[Recorded data]
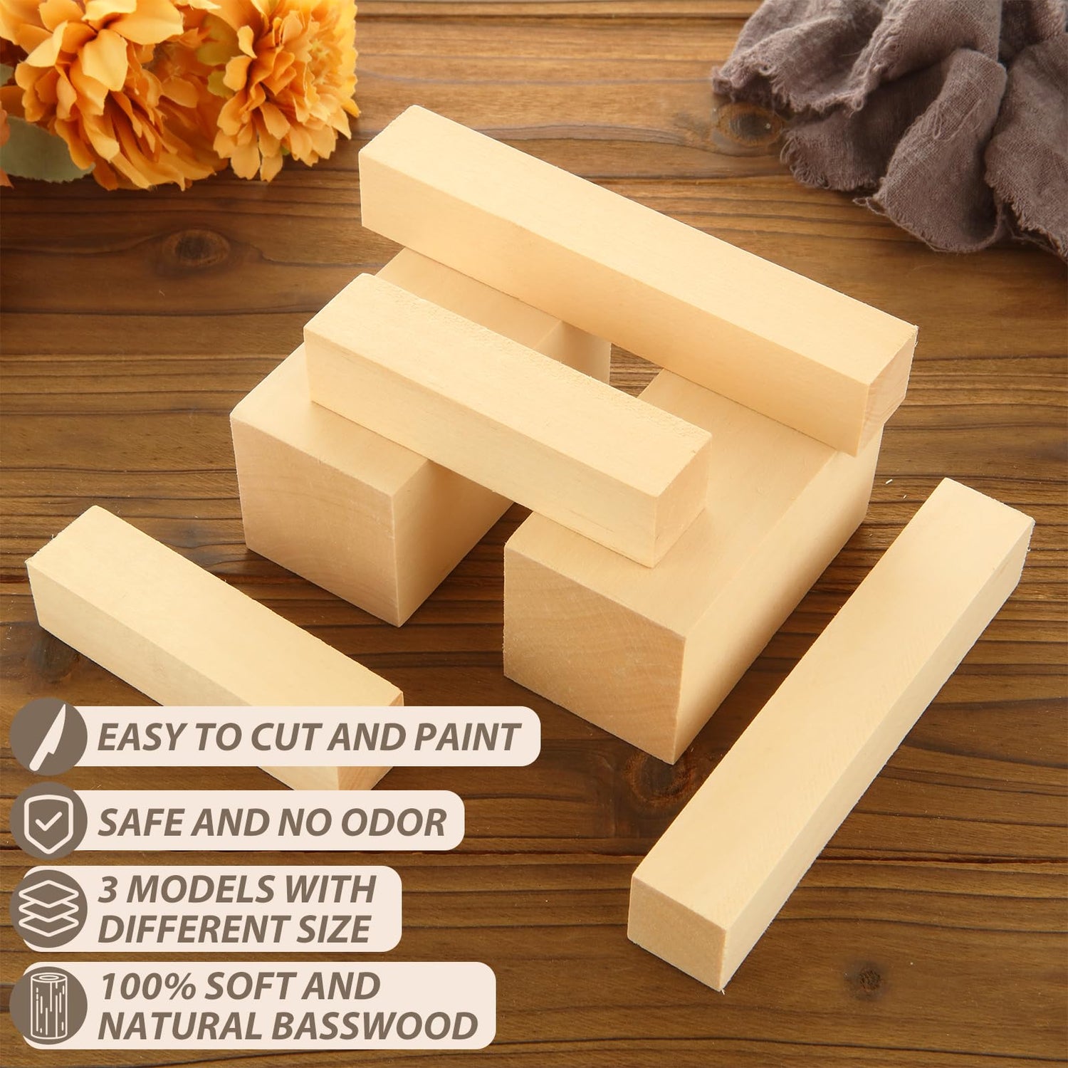 - PACKAGE CONTENT: You will get 24 PCS basswood carving blocks. featuring 3 different sizes for versatility. Include 12 rectangle blocks (1''x1''x6''), 4 cube blocks (2''x2''x4''), and 8 rectangle block (1''x1''x4'').Unfinished kiln dried whittling blocks, suitable for all ages, beginner to expert
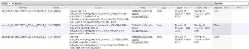 如果有更大数据量的差异存在,这个执行时间可能会相差更多。因此需要调整distcp任务的分配逻辑。
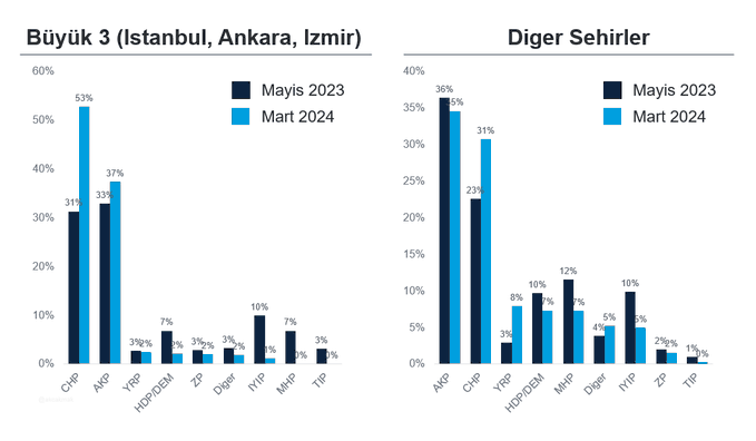 - AK Parti'nin oy oranının aslında Mayıs 2023 seçimlerine göre düşmediğini, aksine az da olsa arttığını görüyoruz. Fakat 3 büyük şehirde gecen sene yüzde 7 olarak gerçekleşen MHP oylarının büyük şehirlerde AK Parti'ye gittiğini de unutmamak lazım.
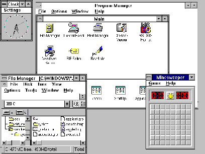 ככה נראה ווינדוס 3.1. היה לו יישום תמוה בשם "מנהל הקבצים", ששימש לפעולות מסובכות כמו העתקת קבצים; הייתה לו תמיכה ב-32 ביט ולא רק ב-16 - וגם משחק הרוורסי התחלף במשחק שהפך את פקידות העולם לזומבים: שולה המוקשים.
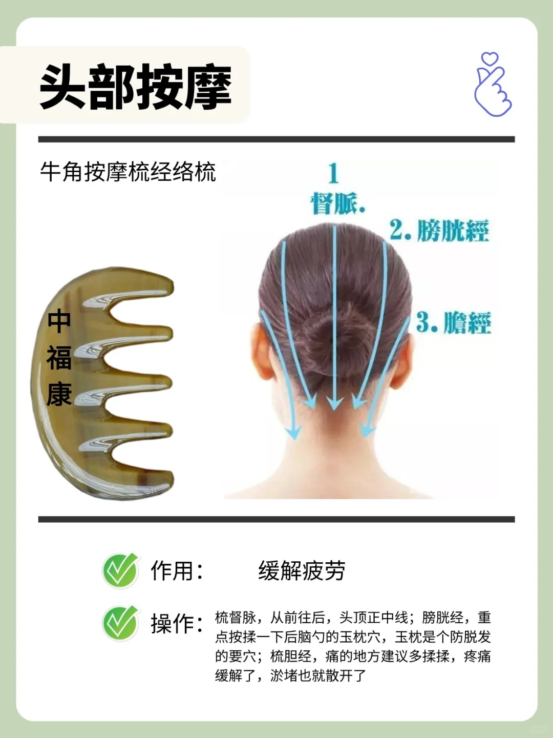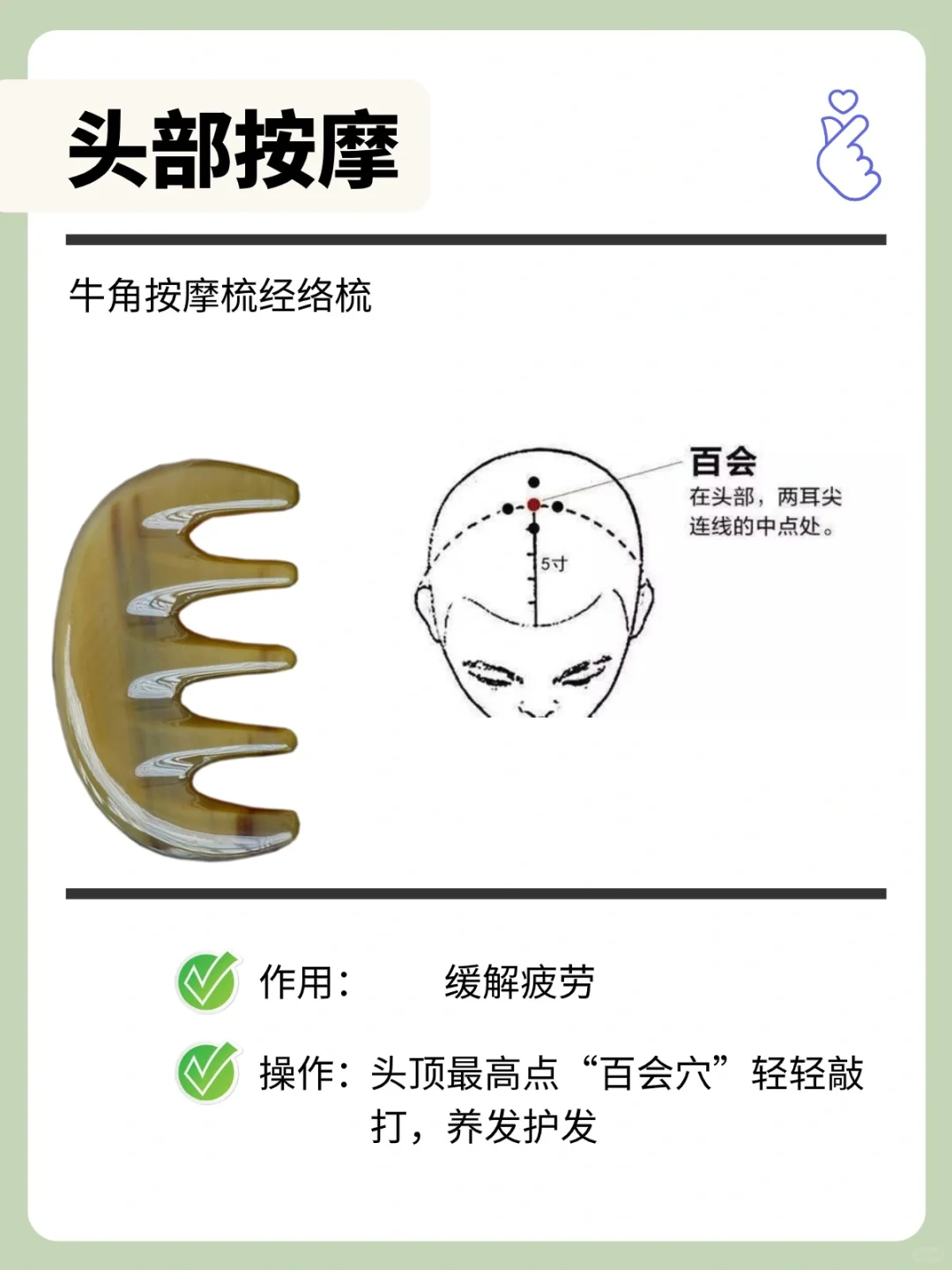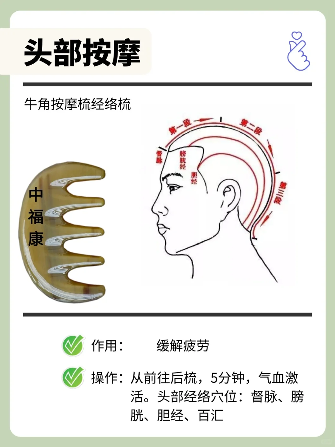 经络梳,又叫拨筋梳,按摩梳,集拨筋、按摩、刮痧、梳理于一体,同时享受多种功能。 五经经络梳子,能够更好地贴合头部曲线,减少按摩头与头皮之间的缝隙,使按摩效果更加显著。这种设计可以使头皮得到充分的放松和血液循环,同时减轻按摩器的摩擦和压力,使按摩过程更加愉悦和轻松。 - 经络梳使用方法:梳、刮、点、按 ---梳--- 发际线两寸往下的位置开始往后梳,梳到头皮的每一寸,促进循环,梳通头部经络。 相同手法,适用于颈部、手臂、手指等。 · ---刮--- 当刮痧板使用,用梳背面部轻刮,提拉紧致面部肌肤。 注意⚠️,刮拭前需先涂抹润滑油或润滑乳液,避免刮伤皮肤。 · ---点--- 经络梳梳齿可用于点按,穴位点按,拨筋按摩,足够满足日常使用需求。除了点按头部,还可点按眼周,舒缓眼周疲劳。 注意力度,灵活点按,以自己的耐受为准,不长时间点按同一部位。 · ---按--- 肩颈酸痛,用经络按摩梳按压肩颈部位,舒缓肌肤紧绷疲劳。 肩颈外,还可用于手臂和腿部等,通过梳理按压,可以促进循环,缓解肌肉压力。
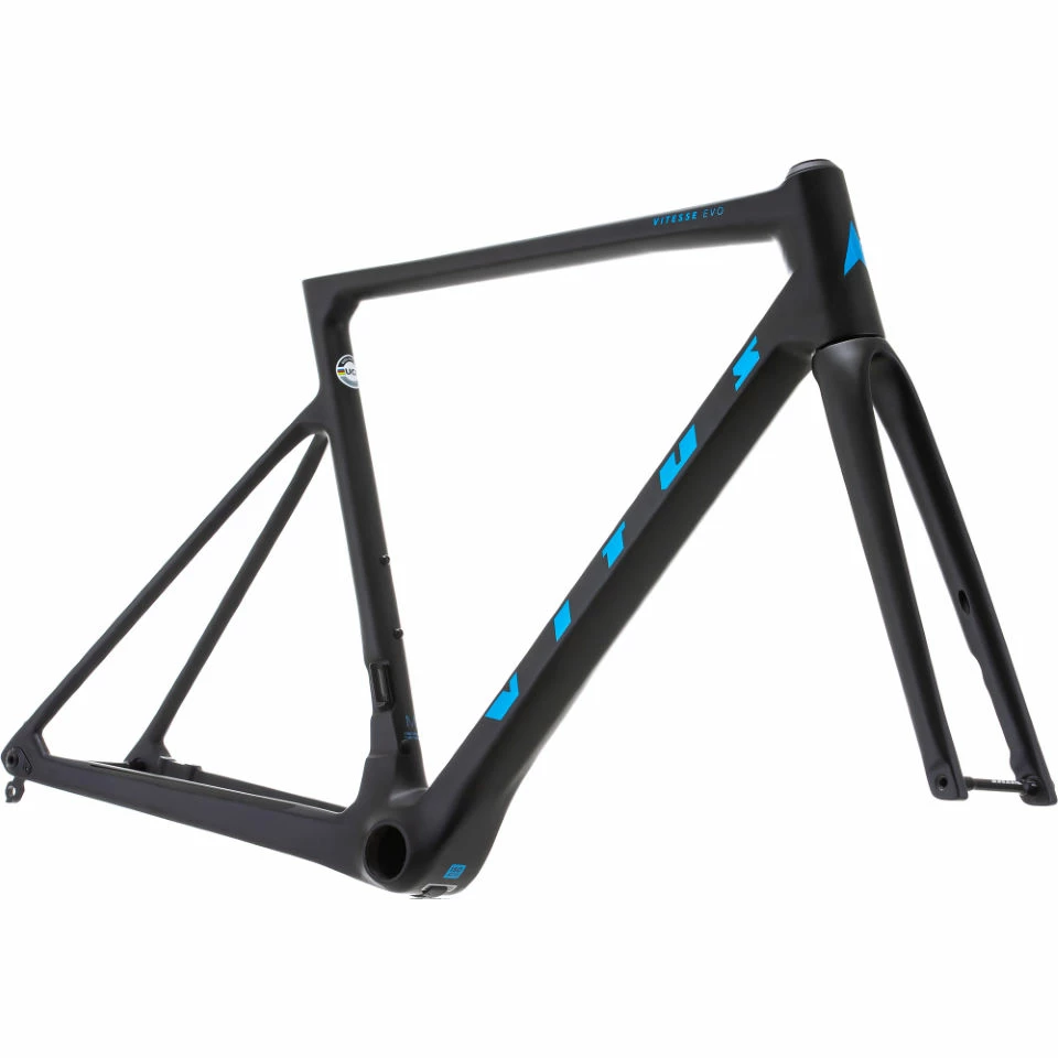 ◌ Rapide, agile et fiable pour les courses sur route modernes, ce cadre Vitus Vitesse EVO est conçu à partir de fibre de carbone unidirectionnelle (UD) ultra-résistante et légère et comprend le cadre, la fourche, le jeu de direction, le collier de selle intégré et les axes.
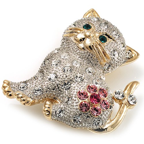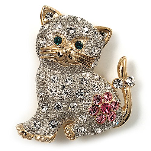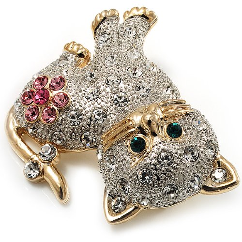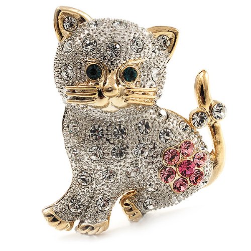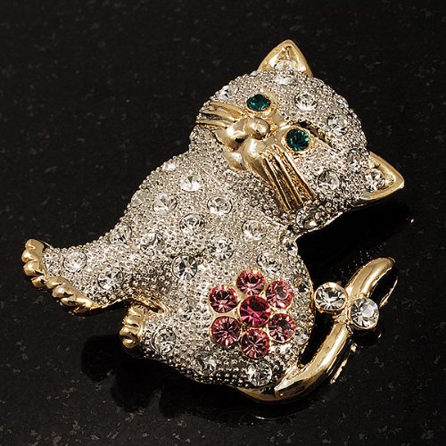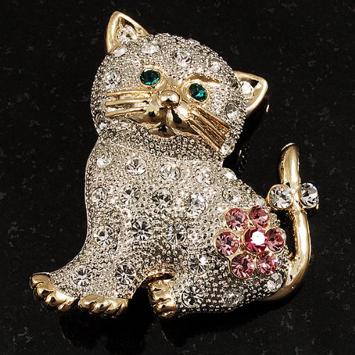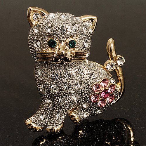 This pretty little cat brooch is a perfect present for a cat lover. Made from gold and silver plated metal and decorated with clear crystals on the body. The eyes set with two tiny emerald green stones and the tail decorated with a pink crystal flower for a charming style, so you might even want to keep her for yourself. It measures about 31mm x 41mm and fastens with a flag pin and revolver.Feature
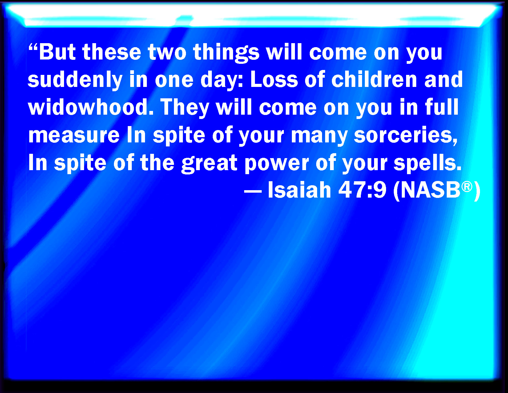 Bible Verse Slide Isaiah 47:9 But these two things shall come to you in a moment in one day, the loss of children, and widowhood: they shall come on you in their perfection for the multitude of your sorceries, and for the great abundance of your enchantments. KJV: But these two things shall come to thee in a moment in one day, the loss of children, and widowhood: they shall come upon thee in their perfection for the multitude of thy sorceries, and for the great abundance of thine enchantments. DRB: These two things shall come upon thee suddenly in one day, barrenness and widowhood. All things are come upon thee, because of the multitude of thy sorceries, and for the great hardness of thy enchanters. DBT: yet these two things shall come upon thee in a moment, in one day, loss of children and widowhood; they shall come upon thee in full measure for the multitude of thy sorceries, for the great abundance of thine enchantments. ERV: but these two things shall come to thee in a moment in one day, the loss of children, and widowhood: in their full measure shall they come upon thee, despite of the multitude of thy sorceries, and the great abundance of thine enchantments. WBT: But these two things shall come to thee in a moment in one day, the loss of children, and widowhood: they shall come upon thee in their perfection, for the multitude of thy sorceries, and for the great abundance of thy enchantments. WEB: but these two things shall come to you in a moment in one day, the loss of children, and widowhood; in their full measure shall they come on you, in the multitude of your sorceries, and the great abundance of your enchantments. YLT: And come in to thee do these two things, In a moment, in one day, childlessness and widowhood, According to their perfection they have come upon thee, In the multitude of thy sorceries, In the exceeding might of thy charms.Links Isaiah 47:9 NIV • Isaiah 47:9 NLT • Isaiah 47:9 ESV • Isaiah 47:9 NASB • Isaiah 47:9 KJV • Isaiah 47:9 Interlinear • Isaiah 47:9 Commentaries • Isaiah 47:9 Parallel Texts • Isaiah 47:9 Bible Apps • Isaiah 47:9 Parallel • Bible Hub |
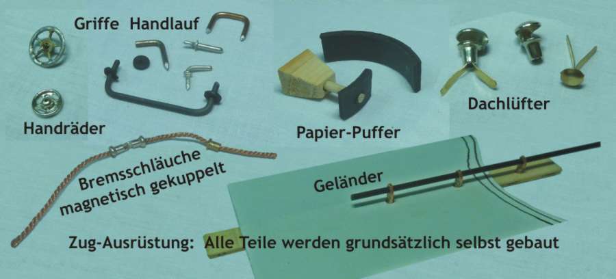 Die Türgriffe werden aus Platinen-Steckverbindern gebogen. Die Handläufe bestehen aus Blumendraht mit Manschetten aus Tonpapier. Ein Handrad kann ein Metall-Druckknopf oder ein verzinntes Uhrenrad sein. Der Puffer wird aus einem Tonpapierring geschnitten, der mehrfach um eine Flasche gewickelt wurde. Der Dachlüfter ist eine Wanderschuh-Niete, die mit einem Kouvert-Verschluß im Dach drehbar befestigt ist. Für die Bremsschläuche zwischen zwei Wagen wird Zierkordel verwandt. Als Kupplung dienen zwei Speichermuttern vom Fahrrad. In ihnen ist ein Miniaturmagnet versteckt. Die Durchführung zum Wageninnern ist eine Hohlniete. Das Geländer besteht aus Blumendraht, die Ösen wurden aus Kupferdraht selbst "geschmiedet" und gebohrt.
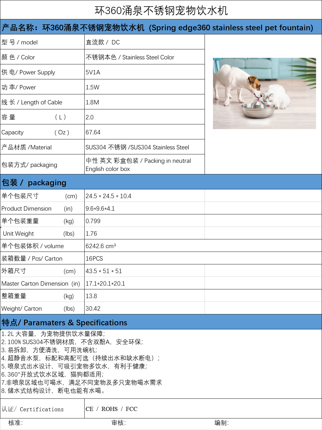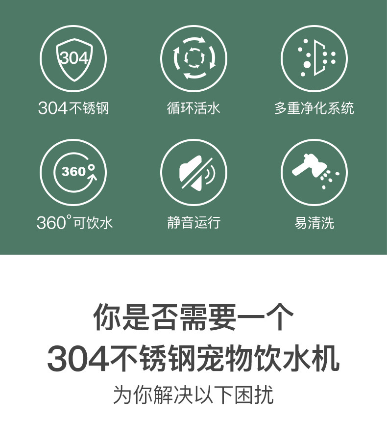 304 스테인리스 애완 동물 지능형 분수 물 디스펜서 고양이 개 오픈 워터 피더 자동 순환 음소거
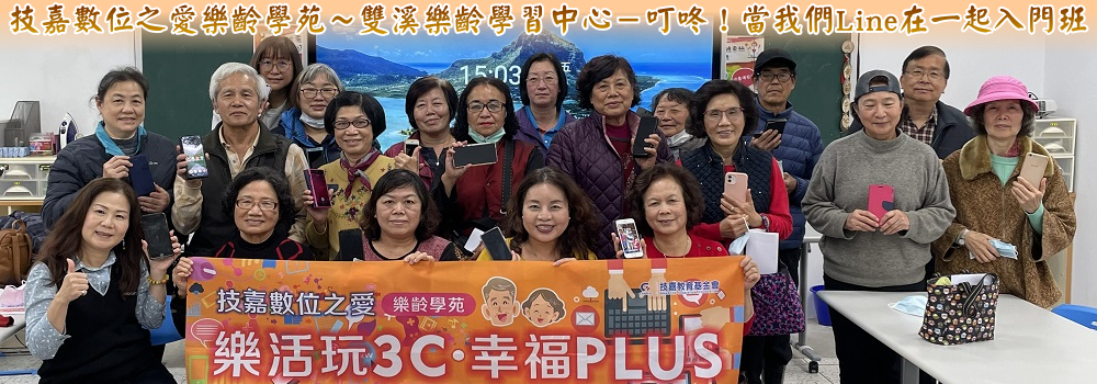 技嘉教育基金會「數位之愛樂齡學苑」∼巡迴大台北地區教學智慧型手機,秉持技嘉讓科技美化人生之宗旨,期讓銀髮朋友輕鬆樂活玩3C!三月受新北市雙溪樂齡學習中心邀請,3/5、12、19每周五在雙溪國小為阿公阿嬤開「LINE在一起入門班」,添加社區客製課程∼認識Google表單、線上報名。
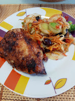 Nesse dia o jantar ia ser um belo robalo assado na brasa, e enquanto o homem tratava de acender o carvão e de gralhar peixe, eu pus as mãos no frango.
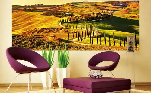 - Transform your walls with the Dimex Tuscany Un-Pasted Wall Mural. This 12’3″ x 4’9″ mural features a stunning Tuscan landscape design, bringing elegance and charm to any room.
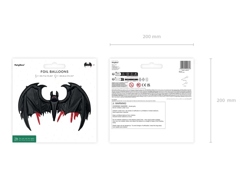 - Balon foliowy Nietoperz w kolorze czarnym z czerwonymi akcentami. Wymiary przed napompowaniem ok. 150 x 77 cm wymiary po napompowaniu ok. 120 x 81 cm .

• [What the task asks]:
Above are some entries. Restate word for word the lines from the one holding "ככה נראה ווינדוס" through the one holding "This pretty little", but not the pictures.

• [Output]:
 ככה נראה ווינדוס 3.1. היה לו יישום תמוה בשם "מנהל הקבצים", ששימש לפעולות מסובכות כמו העתקת קבצים; הייתה לו תמיכה ב-32 ביט ולא רק ב-16 - וגם משחק הרוורסי התחלף במשחק שהפך את פקידות העולם לזומבים: שולה המוקשים.
 经络梳,又叫拨筋梳,按摩梳,集拨筋、按摩、刮痧、梳理于一体,同时享受多种功能。 五经经络梳子,能够更好地贴合头部曲线,减少按摩头与头皮之间的缝隙,使按摩效果更加显著。这种设计可以使头皮得到充分的放松和血液循环,同时减轻按摩器的摩擦和压力,使按摩过程更加愉悦和轻松。 - 经络梳使用方法:梳、刮、点、按 ---梳--- 发际线两寸往下的位置开始往后梳,梳到头皮的每一寸,促进循环,梳通头部经络。 相同手法,适用于颈部、手臂、手指等。 · ---刮--- 当刮痧板使用,用梳背面部轻刮,提拉紧致面部肌肤。 注意⚠️,刮拭前需先涂抹润滑油或润滑乳液,避免刮伤皮肤。 · ---点--- 经络梳梳齿可用于点按,穴位点按,拨筋按摩,足够满足日常使用需求。除了点按头部,还可点按眼周,舒缓眼周疲劳。 注意力度,灵活点按,以自己的耐受为准,不长时间点按同一部位。 · ---按--- 肩颈酸痛,用经络按摩梳按压肩颈部位,舒缓肌肤紧绷疲劳。 肩颈外,还可用于手臂和腿部等,通过梳理按压,可以促进循环,缓解肌肉压力。
 ◌ Rapide, agile et fiable pour les courses sur route modernes, ce cadre Vitus Vitesse EVO est conçu à partir de fibre de carbone unidirectionnelle (UD) ultra-résistante et légère et comprend le cadre, la fourche, le jeu de direction, le collier de selle intégré et les axes.
 This pretty little cat brooch is a perfect present for a cat lover. Made from gold and silver plated metal and decorated with clear crystals on the body. The eyes set with two tiny emerald green stones and the tail decorated with a pink crystal flower for a charming style, so you might even want to keep her for yourself. It measures about 31mm x 41mm and fastens with a flag pin and revolver.Feature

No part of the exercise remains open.